A method to measure bone metastatic activity using sodium fluoride (NaF) PET/CT in prostate cancer has been reported [9]. We adopted this method to bone scintigraphy with single photon emission tomography with CT (SPECT/CT) in prostate cancer [10].
These tomographic methods are useful to measure osteoblastic osseous metastasis, however, are not useful to measure osteolytic osseous metastasis.
FDG uptake by osteolytic lesions is a good marker to measure [2, 11, 12], and FDG–PET/CT is now one of the main methodologies to detect and to measure skeletal metastasis.
Therefore, we tried to develop a method to measure active bone metastatic burden quantitatively using FDG–PET/CT in breast cancer patients. Briefly, (1) bone element is identified by CT attenuation. (2) Increased FDG uptake areas in the bone element are identified using a cutoff level, and these areas are regarded as the bone lesions. (3) Then, the product of lesion volume and mean FDG uptake in the lesion is calculated. This is the active bone metastatic index of a lesion: total lesion glycolysis (TLG) of one lesion. (4) The sum of TLGs of all skeletal lesions is performed; this is the active whole skeletal total lesion glycolysis (WS-TLG) of the study. This active WS-TLG method quantifies osseous tumor burden (FDG avidity and bone tumor volume).
Patients and methods
Patients
This is a retrospective observational study. Local ethical approval of this study was obtained (2018–1051), and informed consent was waived. All patients were diagnosed and treated for breast cancer at Cancer Institute Hospital, Ariake, Koto-ku, Tokyo, Japan.
After the local ethical approval was obtained, patient recruitment was started. Three groups of patients were selected retrospectively using our FDG–PET/CT study log.
First: eighty-five breast cancer patients without skeletal metastasis were collected from February 2018 to April 2018. The threshold or cutoff level was determined based on their data.
Second: thirty-five breast cancer patients with newly diagnosed skeletal metastasis were collected from November 2014 to April 2018. The sensitivity was calculated using FDG–PET/CT data of these patients.
Third: fifteen breast cancer patients with newly developed skeletal metastasis and at least 2 or more follow-up FDG–PET/CT studies from July 2013 to October 2018 were included.

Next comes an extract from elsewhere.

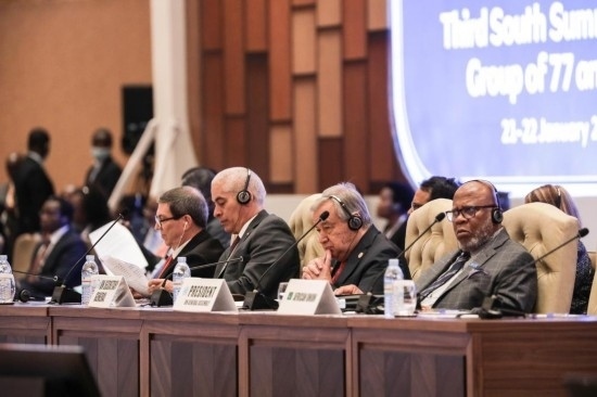 1月21日,聯(lián)合國秘書長古特雷斯(右二)參加在烏干達(dá)首都坎帕拉舉行的“77國集團和中國”第三屆南方首腦會議。 新華社發(fā)(阿佳拉·納瓦達(dá)攝)
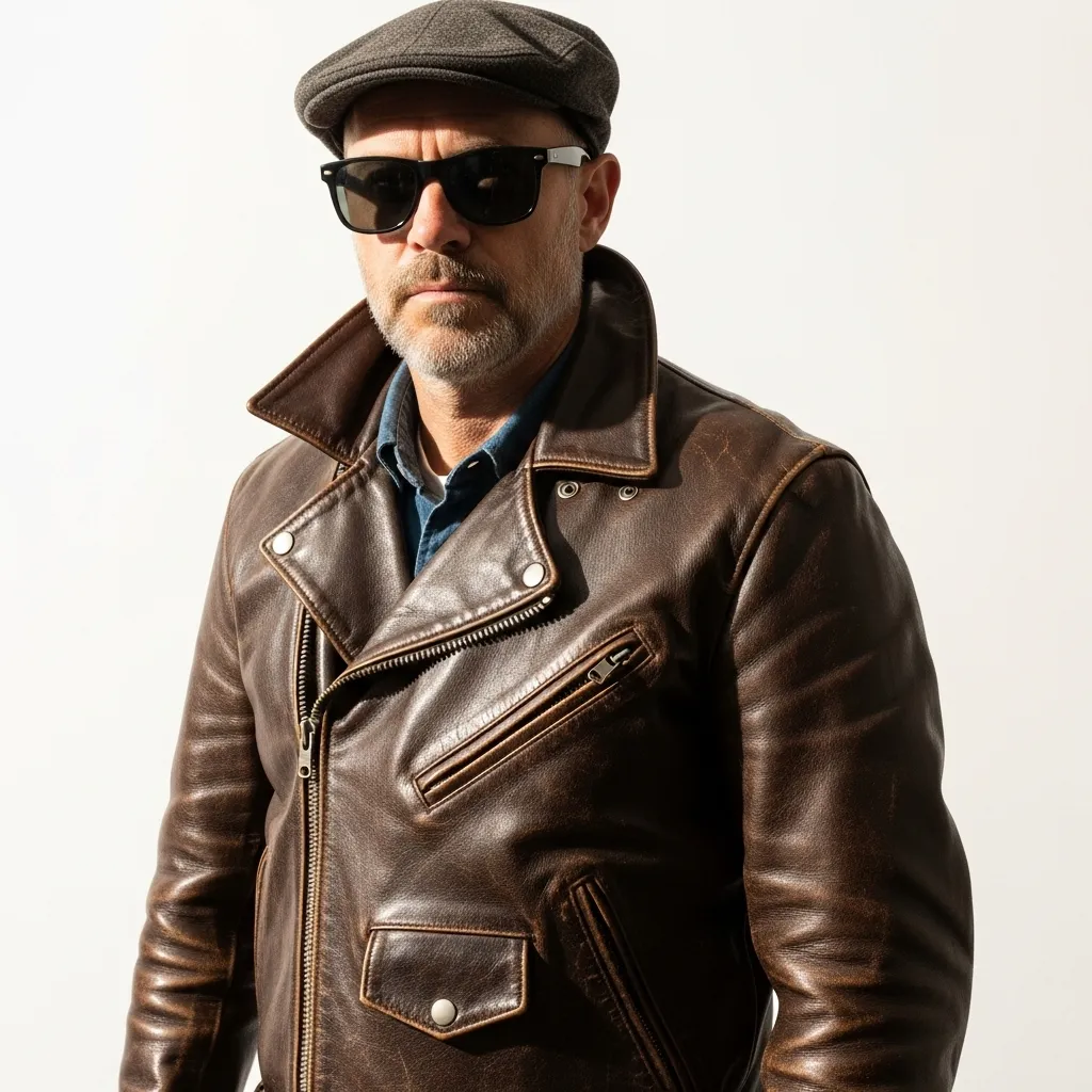 A rugged, old school motorcycle jacket with a worn in look and a comfortable fit.

The diagnosis of skeletal metastasis was established as follows: when the findings of FDG and CT were typical for skeletal metastasis (multiple intraosseous lesions, FDG avid, and obvious CT morphologic changes), the clinical diagnosis was established. When the patients had an intertrabecular type bone lesion or solitary osseous lesion and MRI showed the positive findings, the clinical diagnosis was established. For the patients whom the clinical diagnosis was not established even by MRI, bone biopsies were performed. The positive bone biopsy result meant the pathological diagnosis of skeletal metastasis. The patients with negative results of bone biopsy or lesions not suitable for bone biopsy underwent further follow-up studies, and the results showed the diagnosis of typical skeletal metastasis. The patients who did not have skeletal metastasis were diagnosed by normal bone FDG and CT findings and clinical follow-up for more than 6 months.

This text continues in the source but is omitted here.